AS we all know, these are not good days for raising money. The fact that trade is prosperous almost beyond example is accompanied by the chilling certainty that every- thing (except, it is said, potatoes) costs us more, and that taxes

are bound further to increase. Yet if ever there was a good reason for making a special effort to raise money by voluntary contribution for a purpose of public utility, it exists now in the opportunity of saving the Crystal Palace. The alternative is either to purchase the Crystal Palace and its grounds within a short period or to abandon them for ever to the builders of suburban houses. As time passes and the popu- lation spreads it is difficult to the point of impossibility to provide the new open spaces which are indispensable for health and recreation. To abandon an existing open space which has magnificent views and is charmingly laid out with the art of a true landscape gardener is surely to lay up regrets for the whole future and to earn the condemnation of our successors. We hear much nowadays of the need of foresight in our urban geography.
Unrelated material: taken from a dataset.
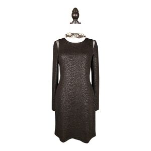 Betsey Johnson Black Animal Print Mesh Shoulder Panel Long Sleeve Dress Size 8

We ridicule our predecessors for their failure to perceive that the growth of towns could not be left to chance, but must be planned in advance. Everybody now recognizes the necessity of forethought, and already to our modern habit of thought even garden cities have lost the appearance of originality. Well, here is a test of our sincerity, or, at all events, of our perception in these matters. If the Crystal Palace grounds are allowed to fall into the hands of the builder the next generation will be able to say, " A fig for your talk about taking thought for the future!" We desire therefore to support as strongly as we can the urgent appeal made by the Times for the £90,000 which is still required to save the Crystal Palace and its grounds. The great newspaper is doing a notable service in breaking its rule against appealing to its readers for subscriptions. It deserves the thanks of the whole community for its generosity and public spirit.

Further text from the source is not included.